A capacidade dos Estados Unidos de interceptar e armazenar mensagens de texto, chamadas e e-mails dos americanos em busca de inteligência estrangeira foi não apenas estendida, mas aprimorada no fim de semana de maneiras que provavelmente permanecerão enigmáticas para o público por muitos anos.
No sábado, o presidente dos EUA, Joe Biden, assinou um projeto de lei polêmico que estende a vida de um programa de vigilância dos EUA sem mandado por dois anos, encerrando uma luta de meses no Congresso sobre uma autoridade que as agências de inteligência dos EUA reconhecem ter sido amplamente abusada no passado.
A pedido das agências e com a ajuda de poderosos aliados bipartidários no Capitólio, o programa também foi estendido para abranger uma ampla gama de novos negócios, incluindo centros de dados dos EUA, de acordo com uma análise recente de especialistas jurídicos e organizações de liberdades civis que se opuseram veementemente à sua aprovação.
A Seção 702 da Lei de Vigilância de Inteligência Estrangeira, ou FISA, permite que a Agência de Segurança Nacional (NSA) e o FBI, entre outras agências, interceptem chamadas, mensagens de texto e e-mails que passam pelas redes dos EUA, desde que um lado da comunicação seja estrangeiro.
Os americanos envolvidos no programa têm direitos de privacidade diminuídos.
Embora o governo exija um alvo estrangeiro para iniciar uma escuta telefônica, os americanos frequentemente estão presentes nessas conversas interceptadas. E embora o procurador-geral dos EUA, Merrick Garland, tenha insistido em um comunicado no sábado que as atualizações do programa 702 “garantem a proteção da privacidade e liberdades civis dos americanos” e que o governo nunca tem como alvo os americanos intencionalmente, o governo reserva o direito de armazenar suas comunicações e acessá-las posteriormente sem causa provável.
“A Seção 702 supostamente deve ser usada apenas para espionar estrangeiros no exterior”, diz Dick Durbin, presidente do Comitê Judiciário do Senado. “Ao invés disso, infelizmente, permitiu o acesso sem mandado a vastos bancos de dados de ligações telefônicas privadas, mensagens de texto e e-mails dos americanos.”

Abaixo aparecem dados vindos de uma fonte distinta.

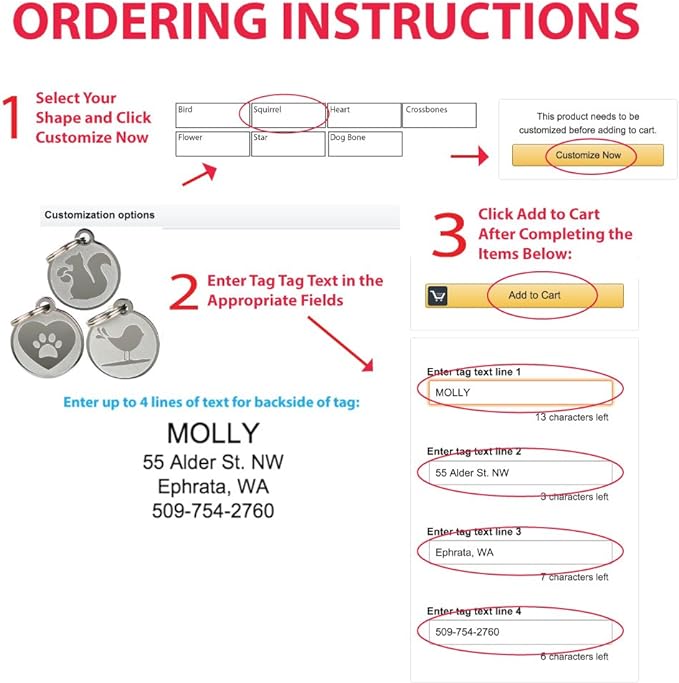 • To order click customize now where you can select your design and add your personalization details to the tag. When finished customizing click add to cart.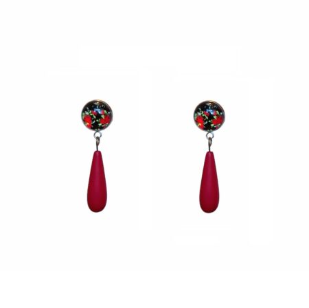 Aro plástico con cabujón negro rosas rojas. Tamaño pequeño, aprox. 5 cm alto. Liviano. Con pasador.
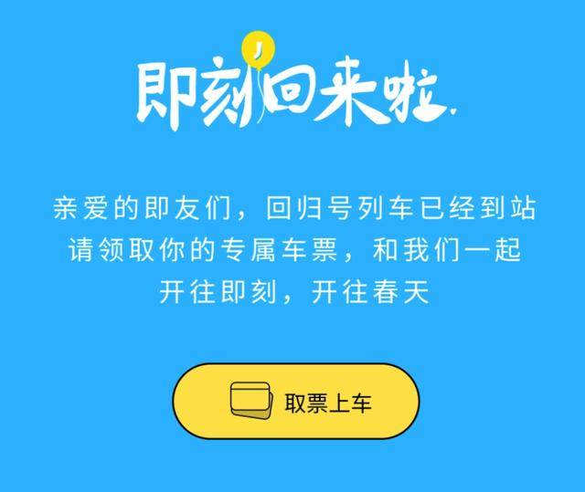 即刻官方很隆重地搞了个 H5 动画,并以 “ 回归 ” 为主题,以 “ 太阳即刻升起 ” 为口号,并为用户生成一张骚黄色的车票,老用户很难抗拒这样的情怀,纷纷把自己的车票分享到了朋友圈。

Segundo a lei, o governo pode reter as comunicações capturadas pelo programa 702 por mais de meio década – indefinidamente, desde que o governo não faça esforços para decifrá-las.
Uma organização comercial que representa algumas das maiores empresas de tecnologia do mundo se manifestou contra os planos de expandir a Seção 702 nas horas finais do debate, alegando que uma nova disposição elaborada por membros do Comitê de Inteligência da Câmara poderia prejudicar a competitividade das tecnologias dos EUA, “colocando em risco a contínua fluidez global de dados entre os EUA e seus aliados”.
A inteligência dos EUA obtém seu vasto poder de vigilância por meio de certificações anuais concedidas por um tribunal secreto. As certificações permitem que a NSA, em particular, force empresas nos EUA – categorizadas como “provedores de serviços de comunicações eletrônicas”, ou ECSPs – a cooperar com o programa, coletando dados e instalando escutas em nome da agência.
Anos atrás, o governo tentou unilateralmente expandir a definição de ECSP sob a lei, buscando compelir a cooperação de novas categorias inteiras de empresas. Esse esforço foi rejeitado pelo tribunal FISA em 2022, em uma decisão que afirmava que somente o Congresso tem a “competência e autoridade constitucional” para reescrever a lei.